## [Task item]
Leave every image behind and restate the data word for word.

--- Given data Enclosed Below ---

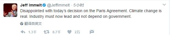 美国通用电气首席执行官伊梅尔特(Jeffrey Immelt)发推文说:“今天退出巴黎气候协议的决定令人失望。气候变化是真的。业界要承担起领导角色,不要再指望政府了。”
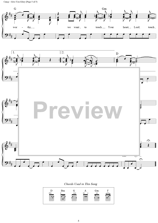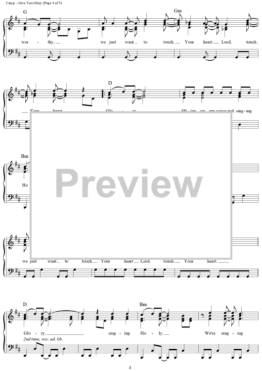 Digital Sheet Music for Give You Glory by Jeremy Camp scored for Piano/Vocal/Chords; id:360870
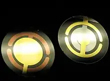 - un résonateur comprenant une électrode en peignes inter-digités (émetteur et récepteur confondus) entourée de réflecteurs métalliques en court-circuit ou en circuit ouvert. La mesure du champ magnétique avec un tel capteur s'effectue en réflexion. Dans cette configuration, la fréquence de résonance varie en fonction du champ magnétique environnant le capteur. La sensibilité d'un tel capteur est principalement dépendante du facteur de qualité du résonateur (celui-ci dépendant du design du résonateur, du matériau des électrodes, du substrat piézoélectrique utilisé, de la polarisation de l'onde acoustique de surface[13]...). Plus précisément, la figure de mérite pertinente est le produit facteur de qualité-fréquence. Typiquement, celui-ci est de l'ordre de 1013 pour le plus sensible des capteurs (104 à1 GHz).
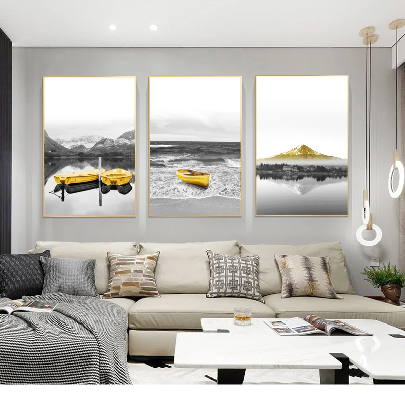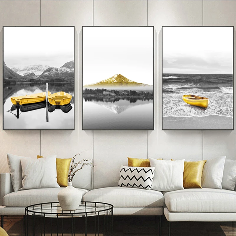 Современный горный пейзаж, Картина на холсте, Желтая Лодка на плакат с озером, принт, настенные картины для гостиной, Настенный декор, Куадрос
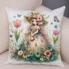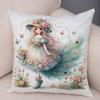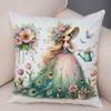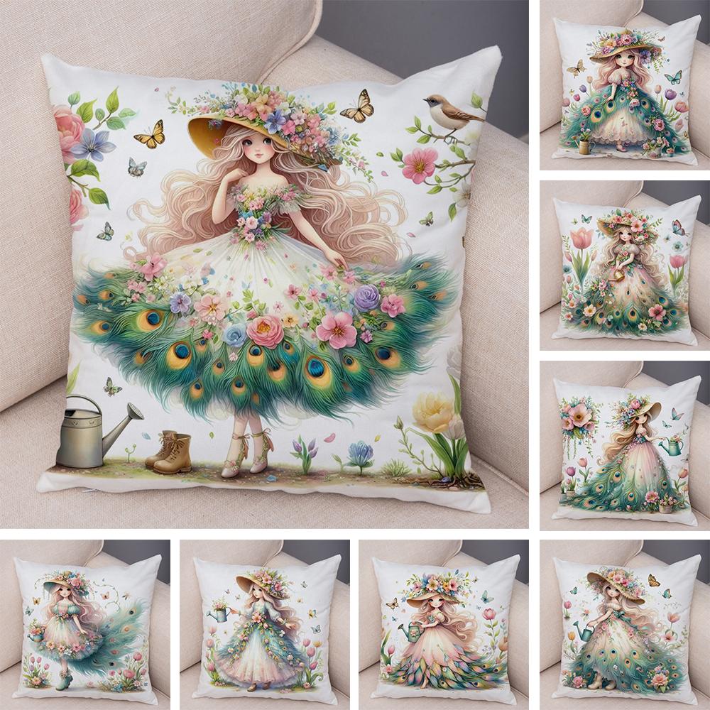 Pfau Blumenmädchen Kissenbezug Doppelseitiger Druck Kissenbezug Dekor Niedlich Cartoon Kind Weicher Plüsch Kissenbezug für Sofa Zuhause 45x45cm
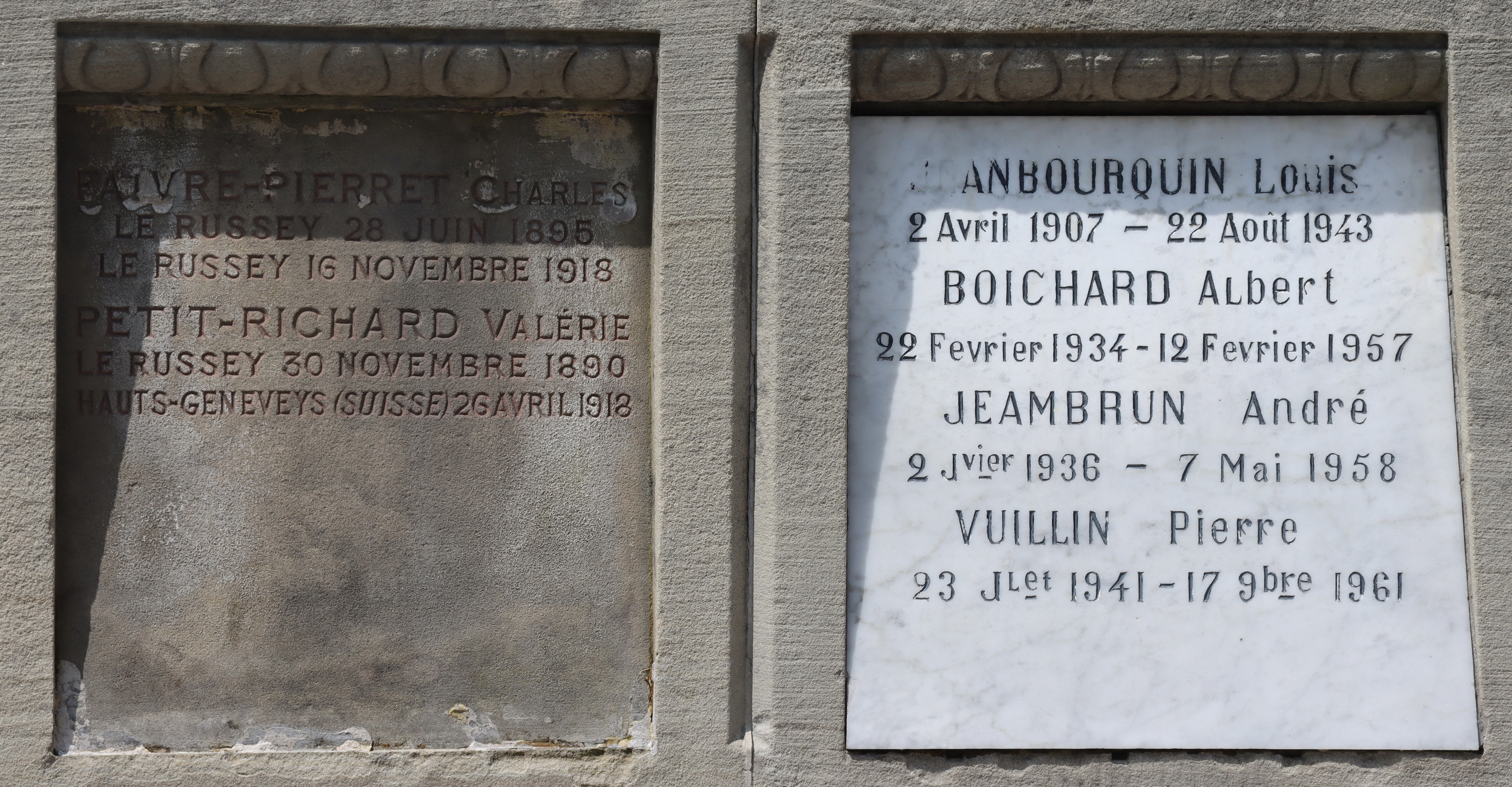| Soldat BOICHARD Albert Marie Seraphin 22.02.1934 - 12.02.1957 Verstarb im Spital in Paris nach schwerer Verwundung eines LKW Unfalls im Algerien Feldzug. |
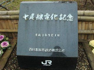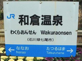 和倉温泉駅名標 ◇ 七尾線電化記念碑
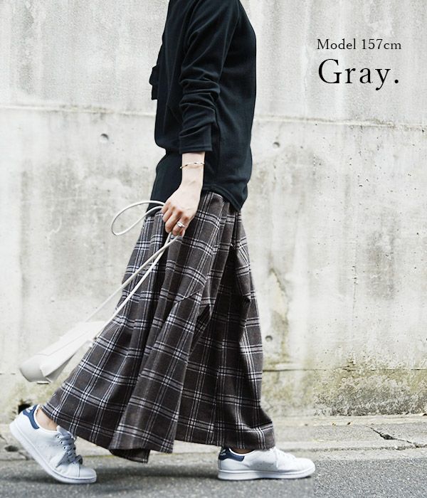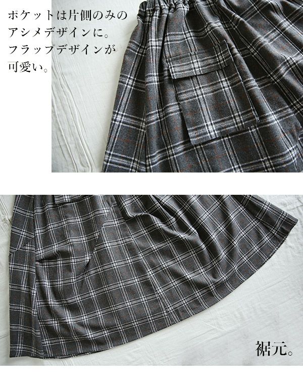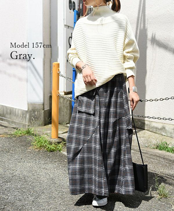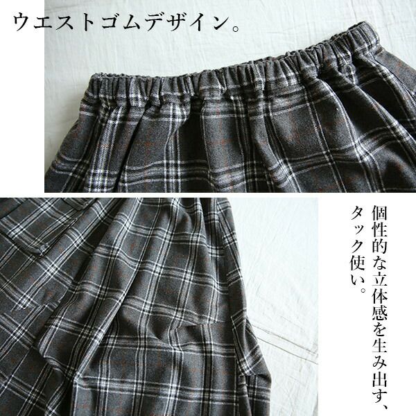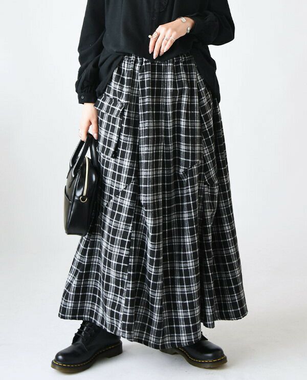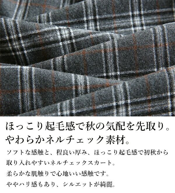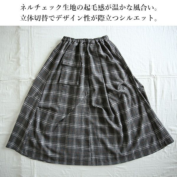 立体的なシルエットとロング丈で人と差がつく!ネルチェック素材のお洒落スカート。
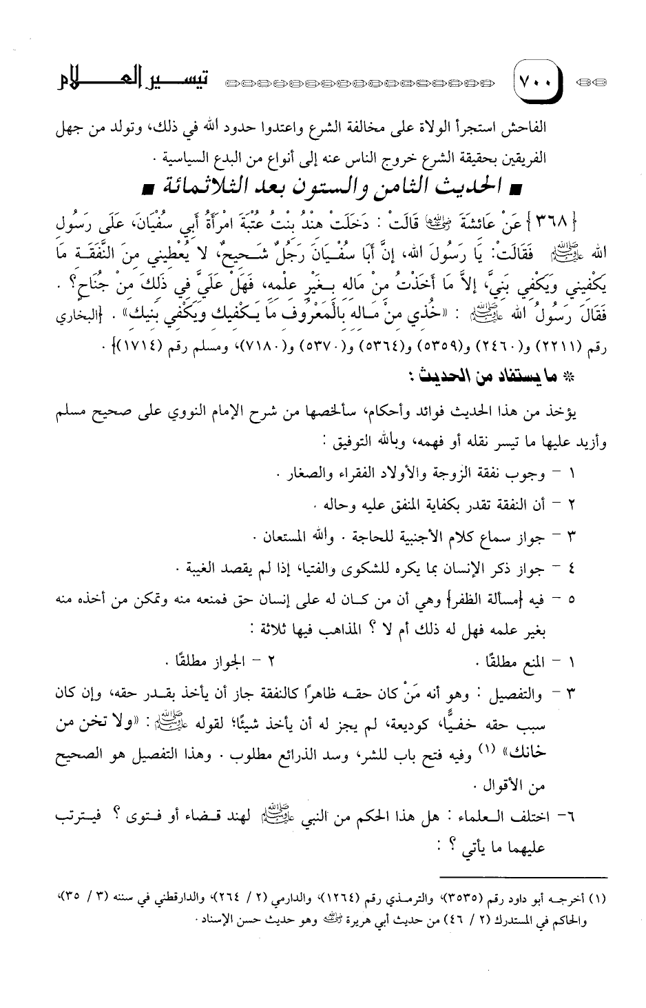 6- اختلف العلماء: هل هذا الحكم من الني صلى الله عليه وسلم لهند قضاء أو فتوى؟ فيترتب عليهما ما يأتي؟:
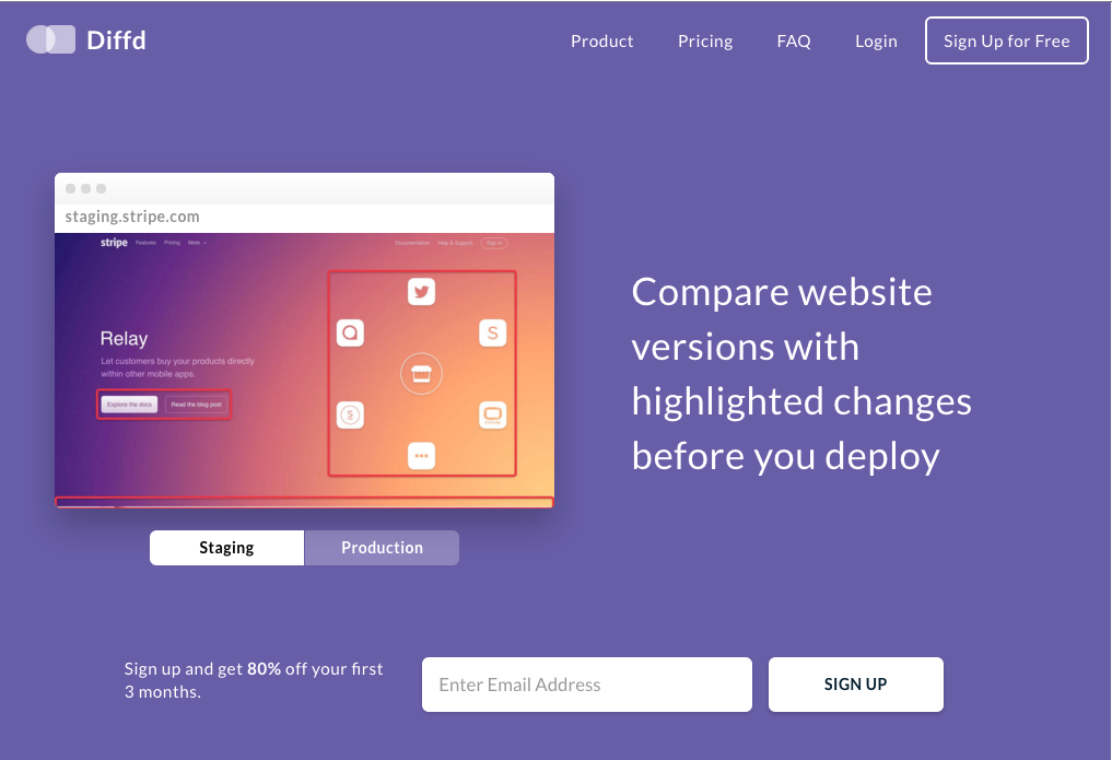 Diffd compares your new website changes with your existing site visually. See the difference between two versions and find bugs before you push code live.
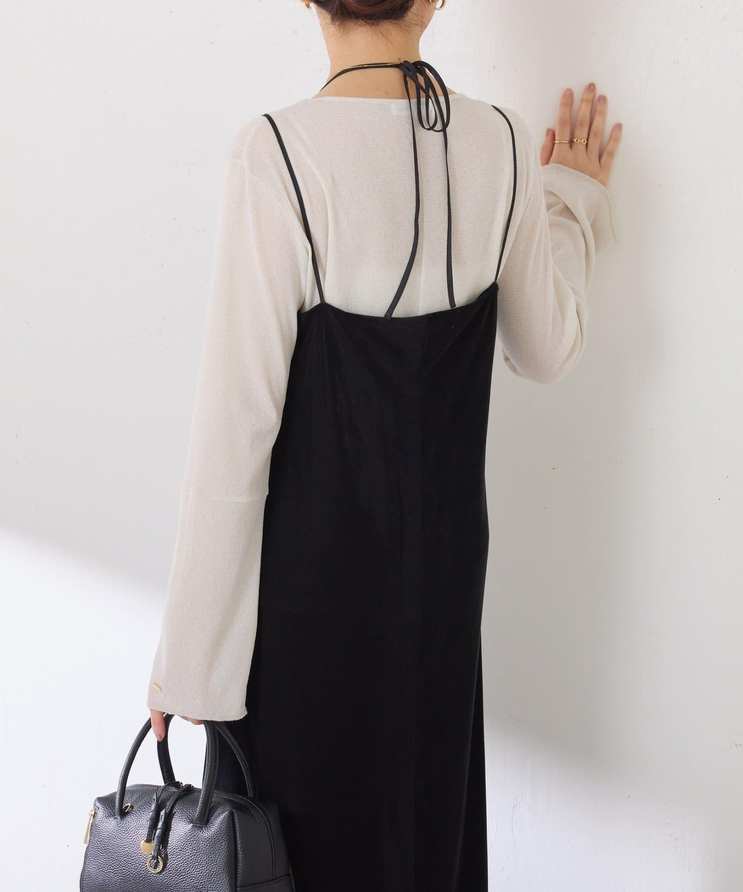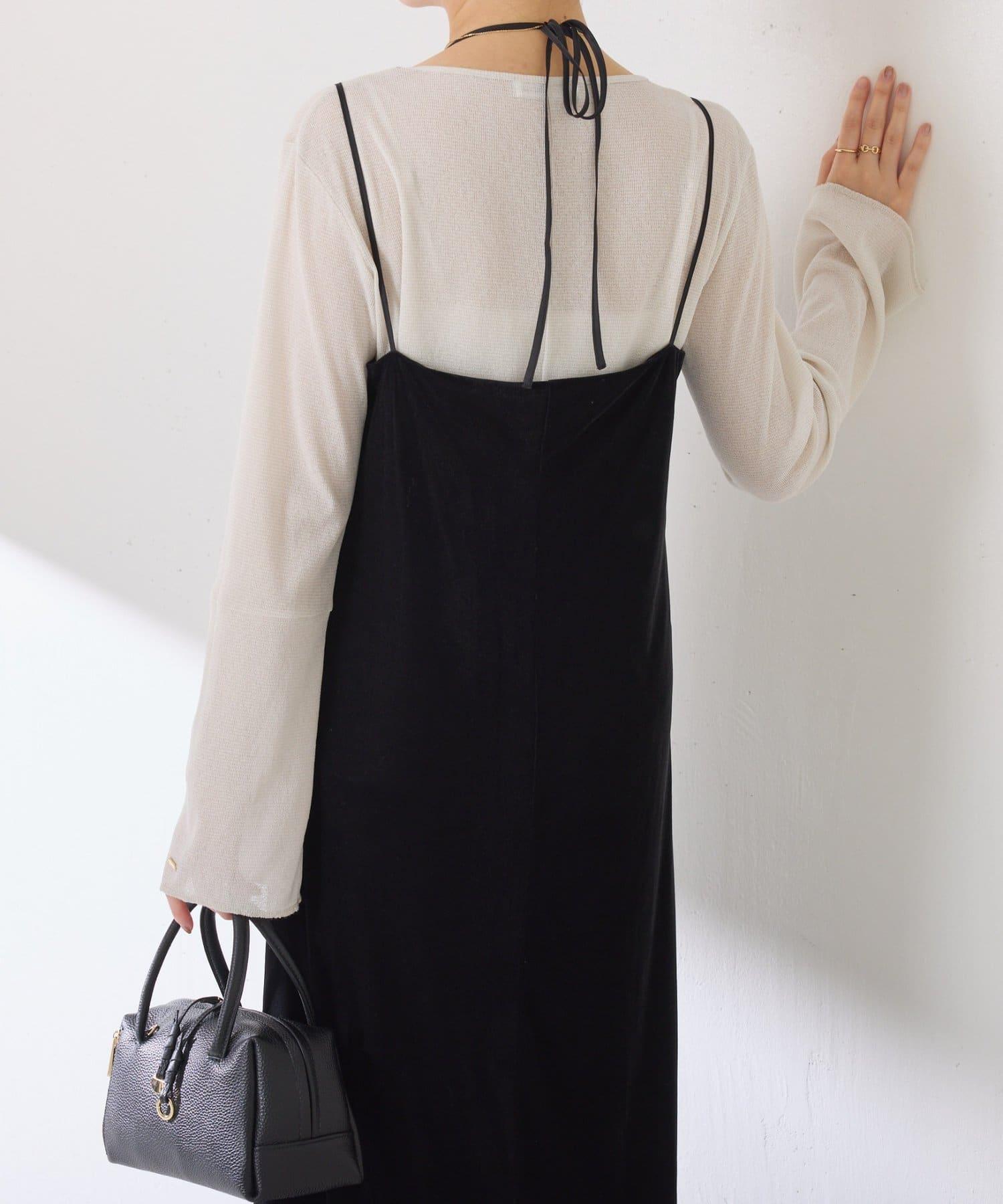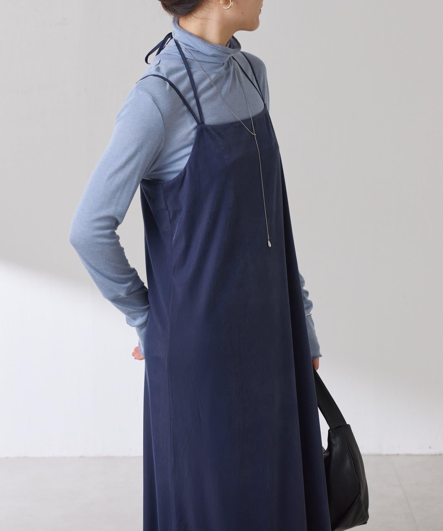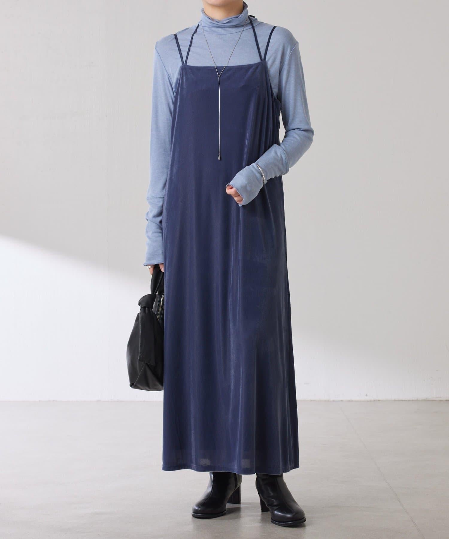 這款天鵝絨吊帶連衣裙採用清新的吊帶設計。
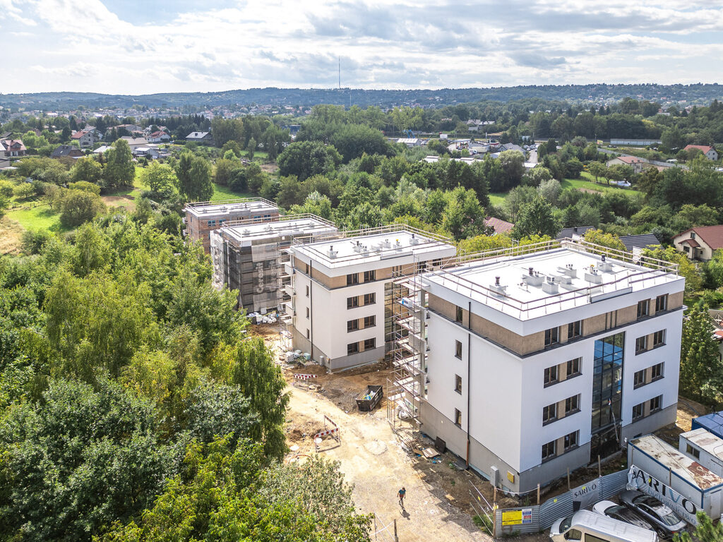 • Inwestycja powstaje w unikalnej lokalizacji na obrzeżach Krakowa, oferując połączenie nowoczesnego standardu mieszkań z bliskością natury i kameralnym charakterem zabudowy.

--- End of Enclosed Given data ---

## [Reply to the task]
 美国通用电气首席执行官伊梅尔特(Jeffrey Immelt)发推文说:“今天退出巴黎气候协议的决定令人失望。气候变化是真的。业界要承担起领导角色,不要再指望政府了。”
 Digital Sheet Music for Give You Glory by Jeremy Camp scored for Piano/Vocal/Chords; id:360870
 - un résonateur comprenant une électrode en peignes inter-digités (émetteur et récepteur confondus) entourée de réflecteurs métalliques en court-circuit ou en circuit ouvert. La mesure du champ magnétique avec un tel capteur s'effectue en réflexion. Dans cette configuration, la fréquence de résonance varie en fonction du champ magnétique environnant le capteur. La sensibilité d'un tel capteur est principalement dépendante du facteur de qualité du résonateur (celui-ci dépendant du design du résonateur, du matériau des électrodes, du substrat piézoélectrique utilisé, de la polarisation de l'onde acoustique de surface[13]...). Plus précisément, la figure de mérite pertinente est le produit facteur de qualité-fréquence. Typiquement, celui-ci est de l'ordre de 1013 pour le plus sensible des capteurs (104 à1 GHz).
 Современный горный пейзаж, Картина на холсте, Желтая Лодка на плакат с озером, принт, настенные картины для гостиной, Настенный декор, Куадрос
 Pfau Blumenmädchen Kissenbezug Doppelseitiger Druck Kissenbezug Dekor Niedlich Cartoon Kind Weicher Plüsch Kissenbezug für Sofa Zuhause 45x45cm
| Soldat BOICHARD Albert Marie Seraphin 22.02.1934 - 12.02.1957 Verstarb im Spital in Paris nach schwerer Verwundung eines LKW Unfalls im Algerien Feldzug. |
 和倉温泉駅名標 ◇ 七尾線電化記念碑
 立体的なシルエットとロング丈で人と差がつく!ネルチェック素材のお洒落スカート。
 6- اختلف العلماء: هل هذا الحكم من الني صلى الله عليه وسلم لهند قضاء أو فتوى؟ فيترتب عليهما ما يأتي؟:
 Diffd compares your new website changes with your existing site visually. See the difference between two versions and find bugs before you push code live.
 這款天鵝絨吊帶連衣裙採用清新的吊帶設計。
 • Inwestycja powstaje w unikalnej lokalizacji na obrzeżach Krakowa, oferując połączenie nowoczesnego standardu mieszkań z bliskością natury i kameralnym charakterem zabudowy.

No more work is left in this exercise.